The James Dunn Collection by Dr Cynthia Johnston

The James Dunn Collection, Blackburn with Darwen Library and Information Service


Edward Harding, Costume of the Russian Empire, London, 1811, printed by Thomas Bensley for John Stockdale, hand-coloured engravings, ink on paper. The James Dunn Collection, Blackburn with Darwen Library and Information Service.

26 May 2020
By Dr Cynthia Johnston, Institute of English Studies, School of Advanced Study, University of London


James Dunn (1857-1943), a draper of Montague Street, Blackburn, gave his collection of rare books, historical documents and autograph manuscripts to the Blackburn Library before his death. The gift was an extraordinary one, accepted with enthusiasm at a specially convened meeting of the Library committee. The collection contains over 500 items which reflect Dunn’s wideranging bibliographic interests. There is a strong representation of eighteenth-century prints, both English and French, but with particular emphasis on the French Rococo material from copperplate engravings that Dunn sought out during his frequent book-buying expeditions to France, and Paris in particular. The works of Claude Gellée (le Lorrain), Charles-Dominique-Joseph Eisen, François Boucher, Hubert-François Gravelot and JeanMichel Moreau are all represented. A fine edition of Edward Donovan’s The Natural History of British Birds, printed in London in 1799, is characteristic of the type of work that appealed to Dunn in the British as opposed to Continental context.

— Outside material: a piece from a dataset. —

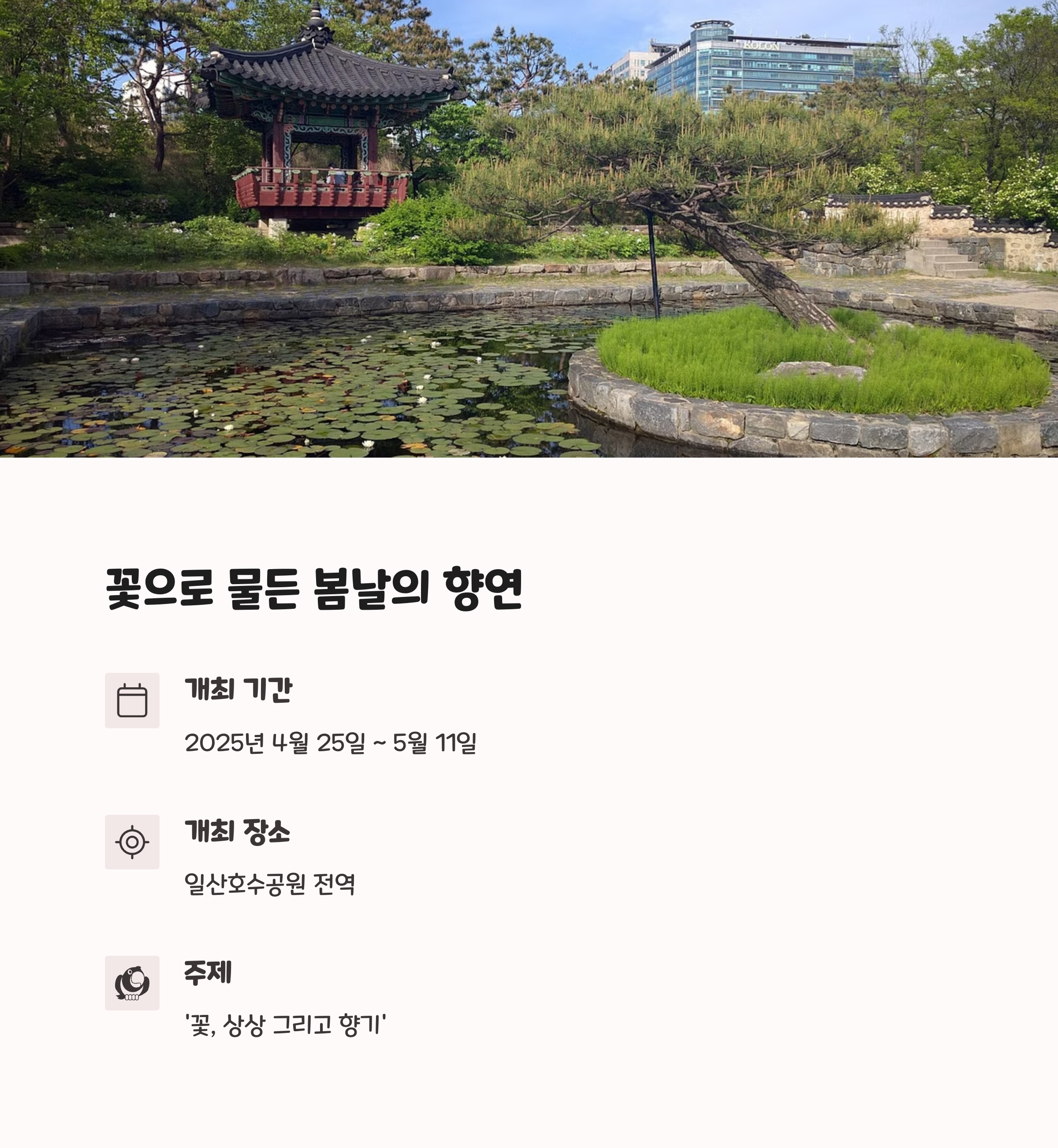 | 주요 장소 | 일산호수공원 (고양시 일산동구 장항동) |

Dunn, like his contemporary Blackburnian Robert Edward Hart, is clearly interested in early English printing and his collection has some rare examples of this material. Dunn knew of only one other surviving copy of A Ryght frutefull Epystle, deuysed by the moste excellent clerke Erasmus in laude and prayse of matrymony, published in 1536. The English Short Title Catalogue does not yet record Blackburn’s copy of Rembert Dodoens’ A Niewe herball, published in 1578, nor the imperfect copy of The Saint Albans Chronicle, catalogued in the Dunn collection as The Cronicles of Englonde, printed by Wynkyn de Worde in London in 1515; there are only 4 other copies of this book recorded in the UK. Dunn has a particularly keen interest in early editions of the collected works of Geoffrey Chaucer. Th ere are three in the collection, all printed in London respectively by John Kingston for John Wight in 1561, the William Thynne edition printed by William Bonham in 1542, and the Adam Islip production edited by Thomas Speght in 1598.

James Dunn, from his obituary in the Northern Daily Telegraph, Thursday 16th December, 1943.

Dunn appears to have been less interested in literature than history, and the poetry and prose that is represented in the collection is overwhelmingly from the eighteenth century, like his selection of fine art prints. William Blake is an interest, and the importance of Blake’s engravings to his work makes his appeal to Dunn predictable. The works of Thomas Gray, Daniel Defoe, Oliver Goldsmith, Samuel Butler, Robert Burns, Alexander Pope, Rousseau and Voltaire comprise the eighteenth-century material along with James Thomson’s, The Seasons, a clear favourite in several editions. With Sterne, Smollet and Milton, Dunn edges into the nineteenth century.

Dunn’s nineteenth century material is scant, with the exception of his enthusiasm for the work of Charles Dickens, particularly with regard to the work of Dickens’ illustrators George Cruikshank, ‘Phiz’ (Hablot Knight Browne) and George Cattermole. Perhaps the most intriguing Dickensian material in the collection is a volume of autograph correspondence between Charles Dickens, Jr. and Percy Fitzgerald. Fitzgerald was a prolific and ambitious Irish playwright, novelist, biographer as well as a sculptor, who proudly counted himself as one of Charles Dickens Sr.’s ‘Young Men’. Dickens mentored these young writers and used their material to fill the pages of his magazines, particularly Household Words. Leaved into the pages of letters between Fitzgerald and ‘Charlie’ Dickens Jr., is a plot written on a piece of notepaper from Dickens Sr.’s home, Gad’s Hill Place. The plot is unsigned and undated. The hand is neither that of Dickens nor Fitzgerald. The author of this Dickensian plot featuring ‘a lonely man’ who ‘goes down to cathedral town’, two sisters, bailiffs and an ‘ill-conditioned youth’ who has a ‘great lawsuit’, is, as of yet, unidentified.